Last, for any files changed on both sides, Git attempts—and maybe succeeds, or may fails—to combine the two sets of changes. The combined changes get applied to the copy of the file that came from the base commit B. If the combining is successful, that's the result of the merge. Otherwise Git leaves its best effort at merging in the work-tree, and stops with a merge conflict.3 Adding -X ours or -X theirs tells Git: instead of stopping with a conflict, resolve this conflict by choosing the ours or theirs hunk from the diff. Note that this is the only case that actually has to populate the three index slots for the file, and then invoke the low-level merge code (or your merge driver from .gitattributes, if you set one).

A successful result is automatically committed as a merge commit by git merge, or as an ordinary commit by git cherry-pick or git revert, unless you tell Git not to commit the result. A failed (due to conflicts) merge stops, leaving a mess in the index and work-tree, which you must clean up.


1Git's so-called octopus merge still works like this, but is iterative, repeatedly merging multiple branch tips into the index without committing the result. This makes it a little bit special since the ours state is only in the index, rather than an actual commit. The other Git commands generally check that the index and HEAD commit match, except that git cherry-pick -n and git revert -n simply use the index as if it were a commit, the same way that octopus merge does. In the main answer text above, you can can think of the index's content as the ours commit: internally, Git just shifts all the stage-zero entries to stage-2 to make this happen.

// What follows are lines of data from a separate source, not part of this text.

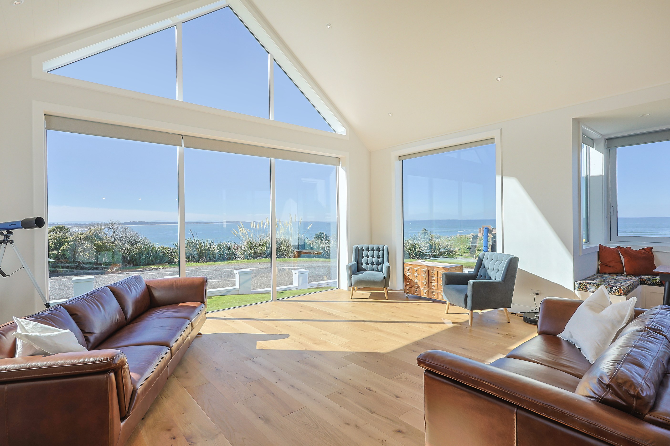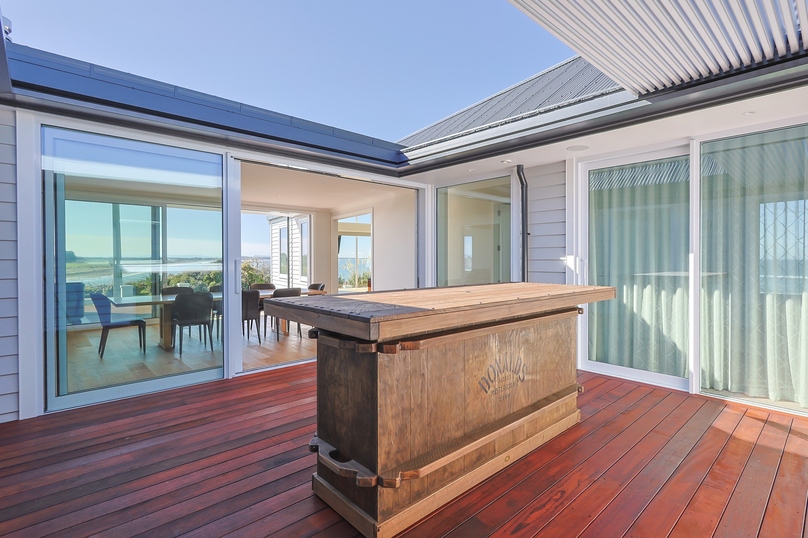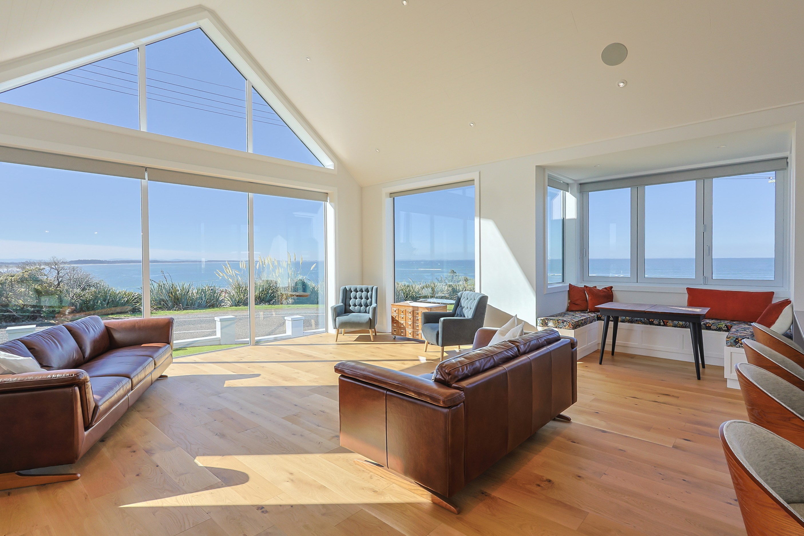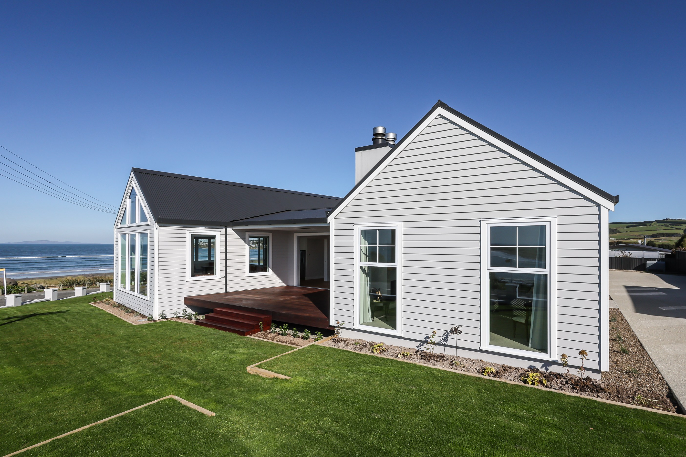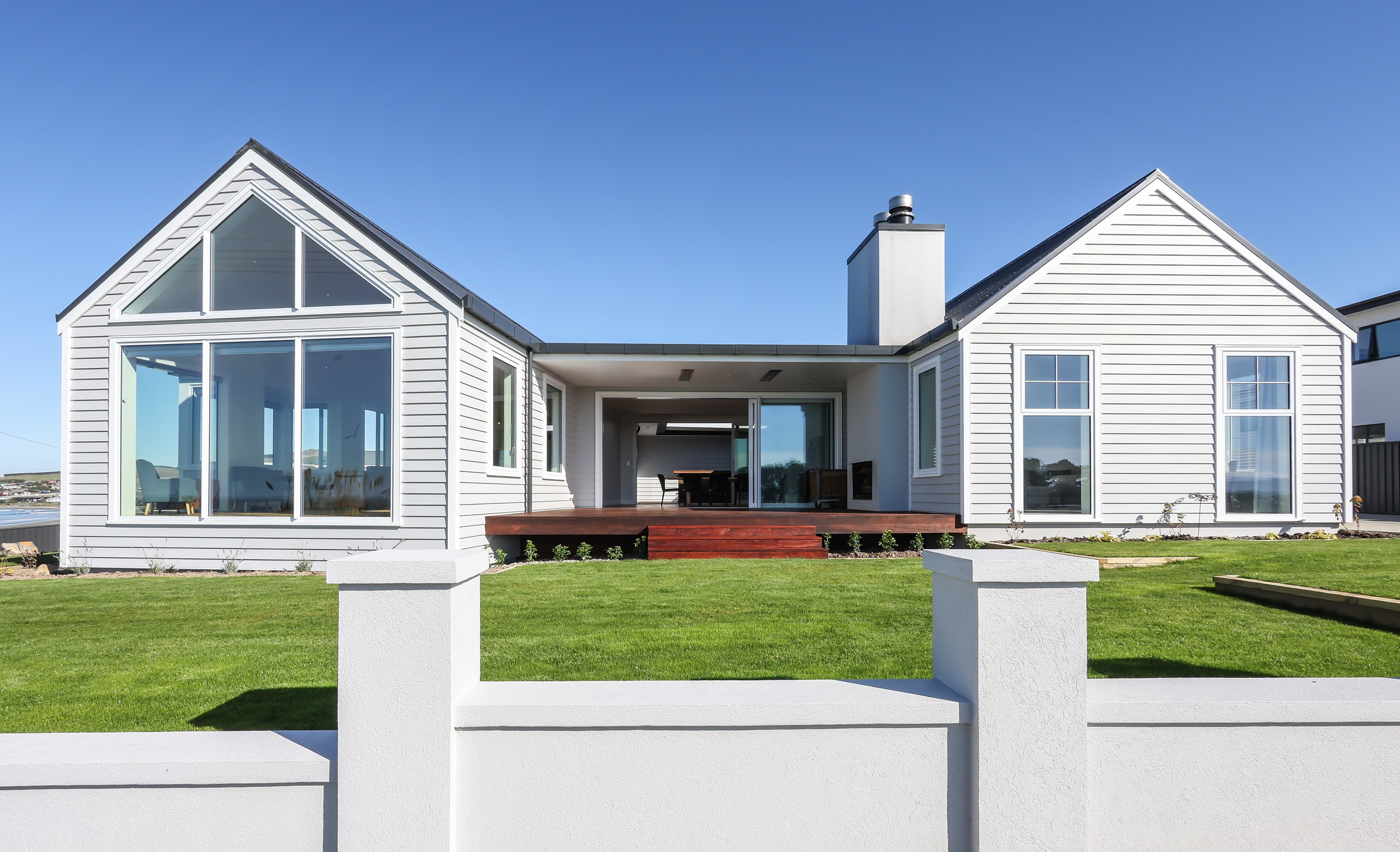 How do you do justice to a wedge-shaped site with 180-degree sea views? Exactly what the owners of this house did — with the help of trusted local builders. This 366sqm weatherboard home comprises two linked pavilions that open fan-like to views of Taramea Bay and the Aparima Estuary. Thoughtful, clever architecture, including use of coast-hardy materials, provides beautiful outdoor places in which to drink in the views. Out front a sheltered deck with an outdoor fire invites year-round relaxation, but there are plenty of other tucked-away nooks. One is a spa deck out the back; another is a central courtyard with louvre roof – an oasis at the heart of the home.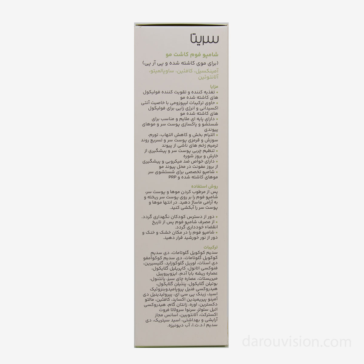 شامپو فوم ایمپلنت سریتا یک شوینده فوقملایم است که برای حفظ سلامت پیازهای تازهکاشتهشده طراحی شده. این محصول بدون نیاز به ماساژ شدید، آلودگیها و چربیها را برمیدارد و از التهاب، خارش و آسیب به فولیکول جلوگیری میکند.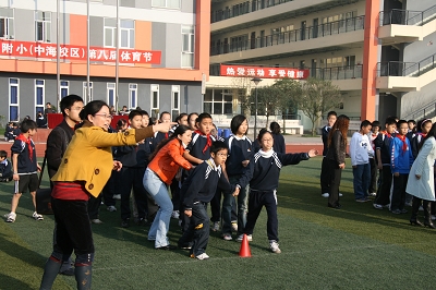 混合迎面接力赛开始了,你看老师们比参加比赛的同学还要激动。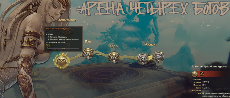 Арена четырех богов Куроми состоит из 12 основных этапов, которые необходимо пройти не более чем за 20 минут — за это дают опыт. В зависимости от результатов игрока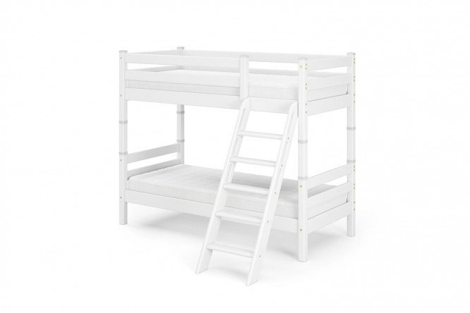 Sonya bunk bed made of solid pine material in “white translucent” color.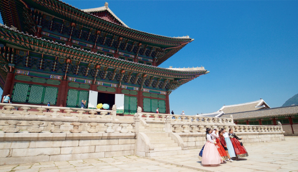 Gyeongbukgung Palace is one of the representative palaces in Seoul with more than 600 years of history, boasting the largest scale and architectural beauty. During the Japanese Invasion of Korea, many building in Gyeongbukgung Palace were burned down, so it underwent restoration. However, during the Japanese colonial period, 90 percent of Gyeongbukgung Palace disappeared. But Gyeonghoeru and Hyangwonjeong pond, representative structures of the Joseon Dynasty, remain intact, and the woldae and statues of Geunjeong hall represent the sculptural art of that time, making it the No.1 tourist destination. Although it has a painful history of many buildings demaged by fire and forces, it is well preserving the value of Gyeongbukgung Palace through continous restoration work.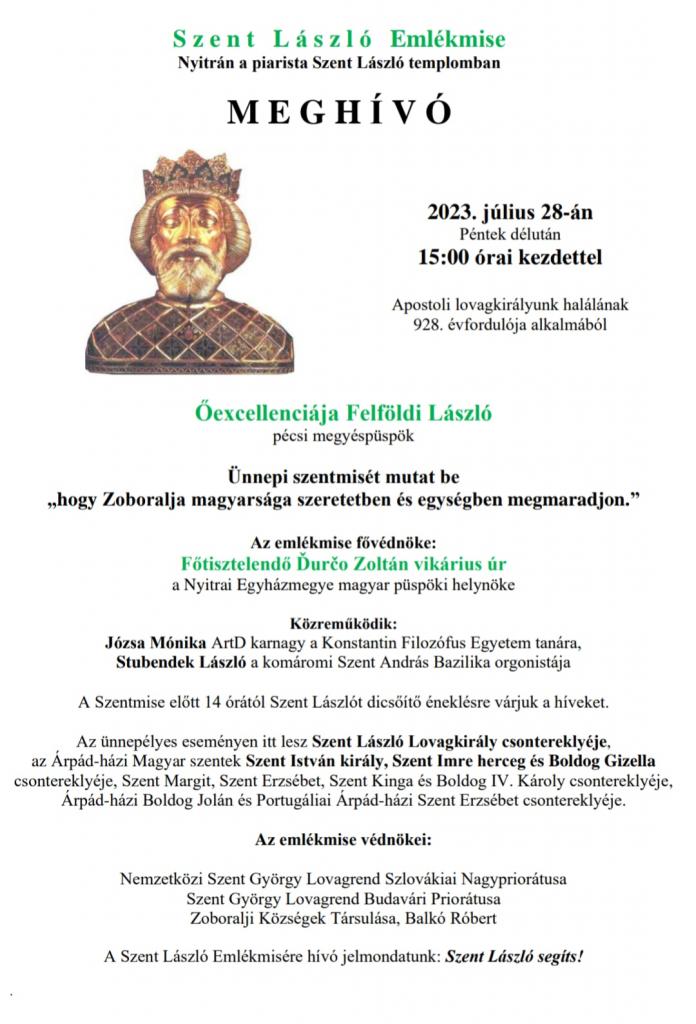 Szent László emlékmise.

2For a recursive merge invoked by git merge -s recursive or git merge, Git first finds the merge base for you. This may turn up more than one commit. If that does happen, Git merges the merge bases, using (an internal version of) git merge. This is the recursive part of the "recursive merge": merging the merge bases so as to come up with a single commit. That single commit is then the merge base for the outermost git merge.

If you use git merge -s resolve, and Git finds more than one merge base, Git chooses a simpler approach: it picks one of the merge bases at (what seems like) random (it's not really random—it just takes whichever one comes out most easily from its merge-base-finding algorithm—but it's not carefully controlled; there's no inherent reason to prefer any one candidate merge base to any other).

3For a merge conflict during the recursive (inner) merge that happens when merging two merge bases, Git simply commits the conflicted text. The result is not very pretty.

2
On

I don't know how you are visualizing it... but this is how I see it:

git revert C while you are standing on B is asking git to do a 3-way merge between B and C~ assuming (forcing git to think) the branching point of both revisions is C.

Definition: branching point would be, under normal circumstances, the last revision that is present on the history of both branches. After that revision, the histories of both branches don't share another common ancestor.